Cues Are Not the Same Thing as Presets
One of the most important concepts in this video is the relationship between cues and presets.
When you click a cue in LightKey, you are not necessarily controlling one individual fixture. You are triggering a cue that may contain one or more presets.
Those presets may affect many different lights in the room.
For example, a “pre-post” cue might include fixture settings for house lights, stage lights, LEDs, and other zones. If one light looks wrong, the issue may be inside the preset that is loaded into the cue.
Matthew shows how to inspect this by right-clicking a cue, selecting Get Info, and looking at the preset inside that cue. From there, you can edit the preset and see which lights are affected.
But this is where operators need to be careful.
If you start editing presets during service without knowing what you’re doing, you can accidentally change the actual show file. That can create problems for the next service or for future operators.
If you make a change by accident, LightKey gives you the option to cancel editing instead of saving the preset.
For most basic operators, the takeaway is simple: during service, run cues. Don’t edit presets unless you have been trained to do so.

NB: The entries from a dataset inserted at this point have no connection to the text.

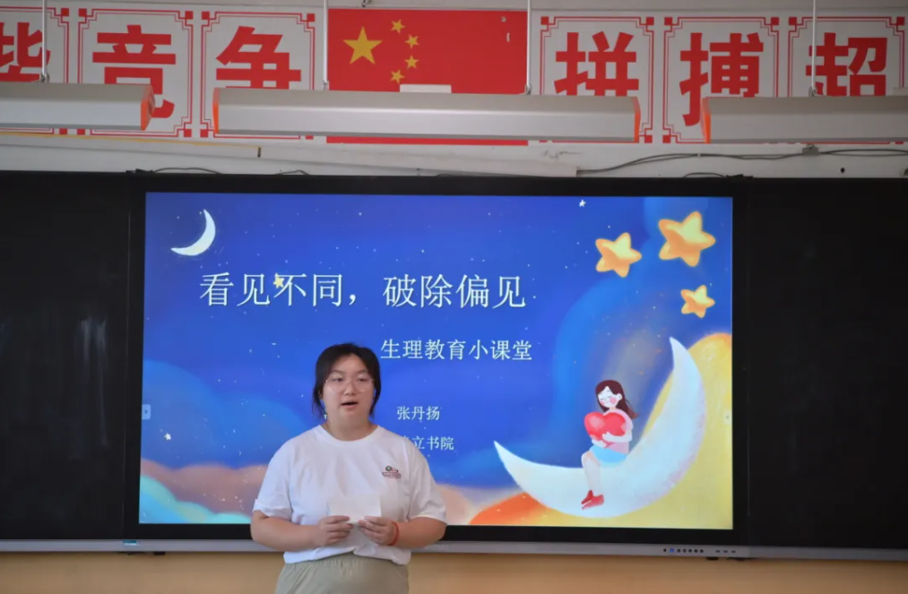 最后,段星桐和张丹扬同学为孩子们带来了一节生理教育小课堂,从人的生长发育切入,带领同学们认识男女生理结构上的不同,引导大家坦然面对生理的正常现象,学习如何预防疾病、保护自我,进而帮助同学们树立正确的性观念,拒绝偏见与束缚,拥抱别样人生。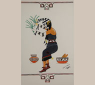 Religion is an integral part of Native life and it is incorporated into everyday activities, unlike other religions that are practiced only once a week. The Indians innate ability to sense the harmony of nature and to perceive its beauty as a religious phenomenon that pervades all phases of daily life is often portrayed in their art, as in this painting where Geraldine portrays a Tewa Clown (Koosa) performing a ceremonial offering or daily prayers with evergreen boughs in her hands. This Koosa is dressed as a female even though the impersonation is being performed by a male.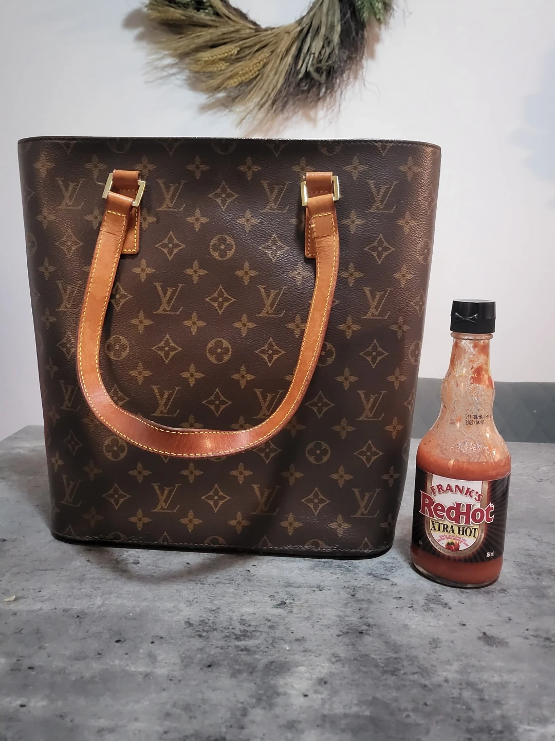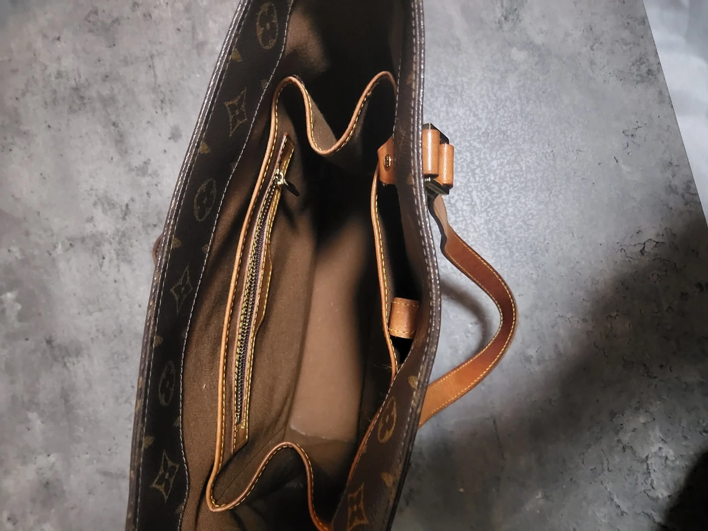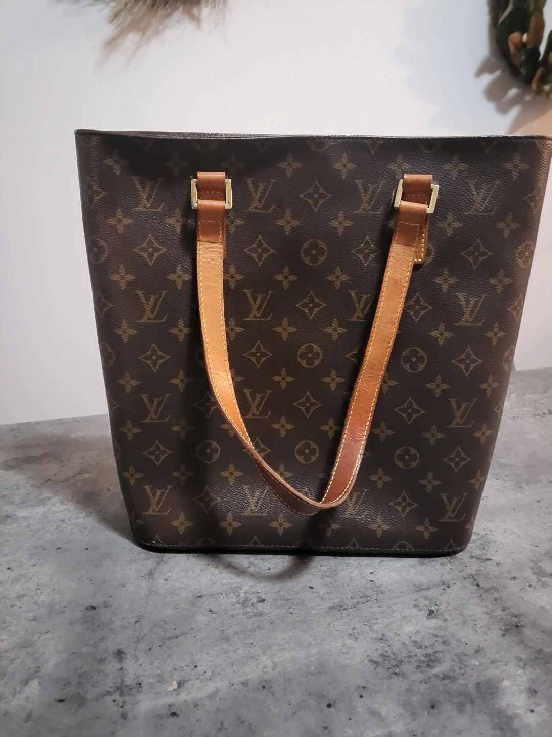 Classic Louis Vuitton tote bag in monogram canvas. It features leather handles and trim. Interior has multiple compartments, including a zippered pocket. This bag is perfect for everyday use or travel.
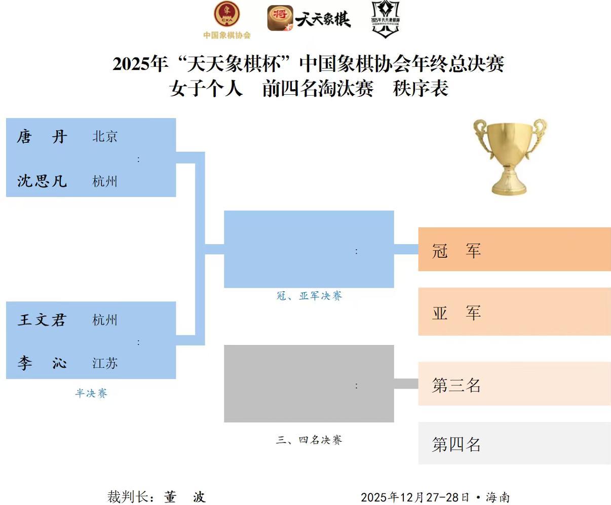 2025年“天天象棋杯”中國象棋協會年終總決賽的大戰,在海南澄邁,歷經激烈的小組拼殺,火線拼奪,驚心比拼,男女四強全速突圍,火力而進。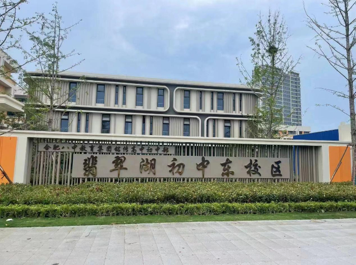 合肥八中铭传高中教育集团翡翠湖初中东校区位于肥西经开区丹霞路与蓬莱路交叉口,总用地面积80亩,总建筑面积约47440平方米,规划建设规模为48个班,可提供学位2400个,将极大缓解肥西经开区初中阶段“入学难”。学校设计上致力于打造一个环境优美、开放互动、全面发展、智能体验的“林中书院”。目前学校已经完成验收交付。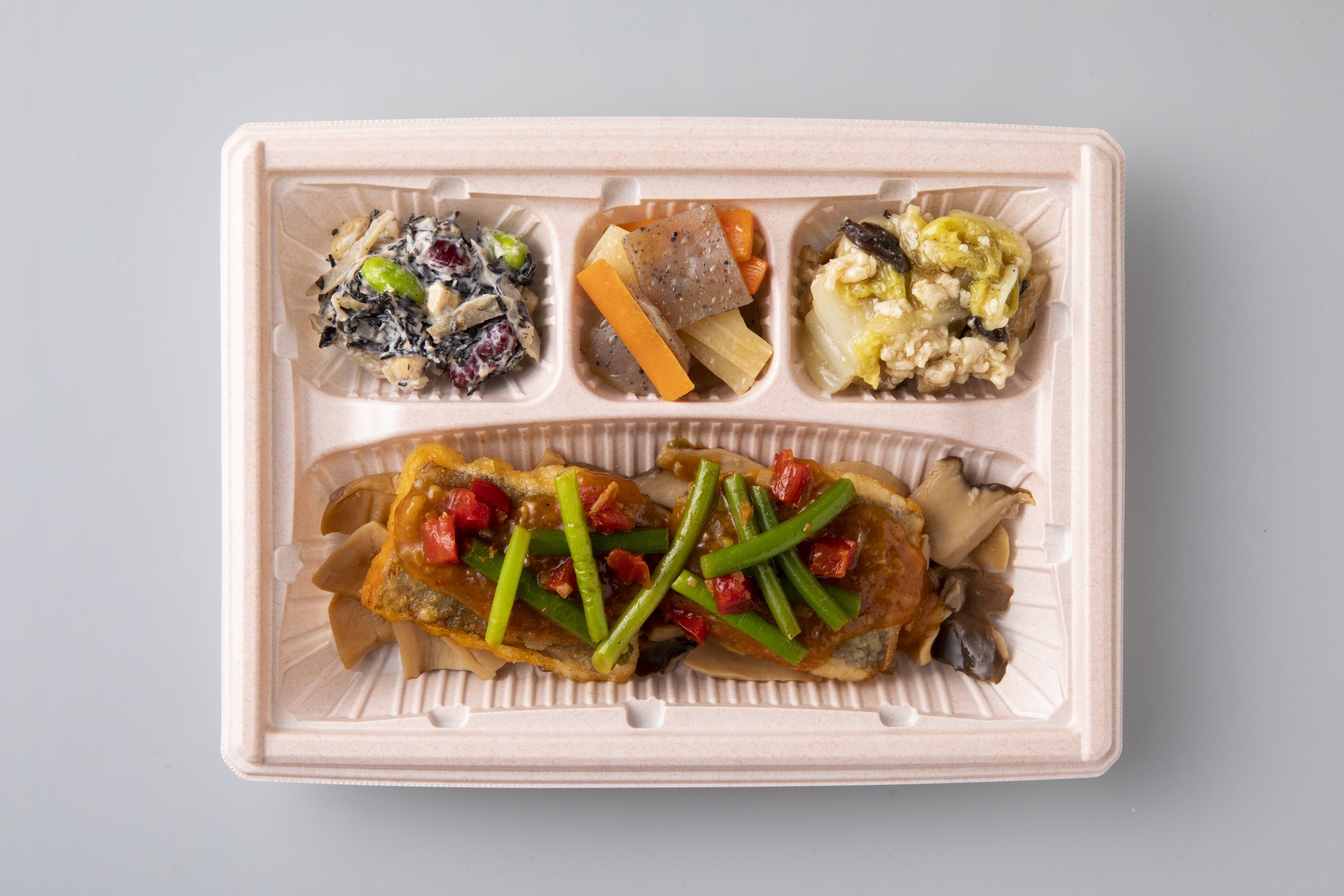 献立は日替わりで、130万人が利用する「おいしい健康」アプリで人気の高いメニューを採用し、管理栄養士が設計しております。毎日23万食以上を作り続けるワタミの自社工場で製造し、「ワタミの宅食」の担当スタッフが、毎日、冷蔵にてお届けいたします。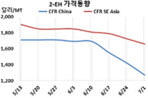 2-EH, CFR China 1270달러로 150달러 폭락 … n-부탄올도 폭락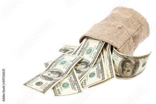 Banknotes money dollars in the bag on white background.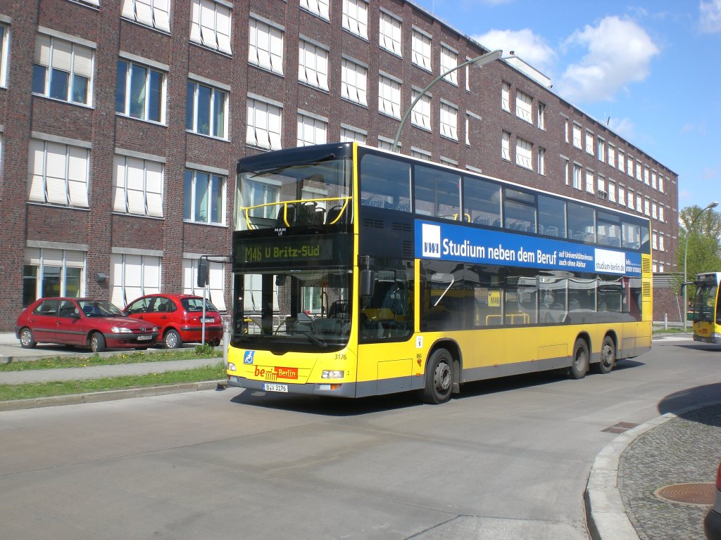 MAN Lion's City DD (Doppelstock) auf der Linie M46 nach U-Bahnhof Britz-Süd an der Haltestelle Hertzallee.

Be Careful: Presets Can Override Live Cues
Another important warning from Matthew: selecting a preset directly can override the live service cues.
That means you might click a service cue and nothing appears to change in the room because a preset has been selected with higher priority.
If this happens, the fix may be as simple as deselecting the preset. Matthew shows that you can click a folder or blank space to get out of the selected preset and return control to the live cue.
This is one of those small operational details that can save a volunteer a lot of stress.
If your LightKey file is not responding the way you expect, check whether a preset is selected and overriding the live cue.
The Goal: Simple, Repeatable Church Lighting
A good church lighting system should not depend on one expert volunteer who knows every hidden detail.
It should be built around clear, repeatable systems that trained volunteers can operate with confidence.
That’s why Churchfront organizes lighting files around service moments, emergency controls, and practical operator workflows. The goal is not to make the system less powerful. The goal is to make the most important controls easy to find when the pressure is on.
If your church is using LightKey, take time to train your operators on the basics:
- Where the live service cues are.
- Which cue corresponds to each service moment.
- Where the emergency house light control is.
- Which manual controls are safe to use.
- Which windows or presets should be avoided during service.
- How to recover if a preset overrides the live cues.
When those basics are clear, your lighting system becomes less intimidating and more useful.
Your volunteers can focus less on worrying about the software and more on supporting the service.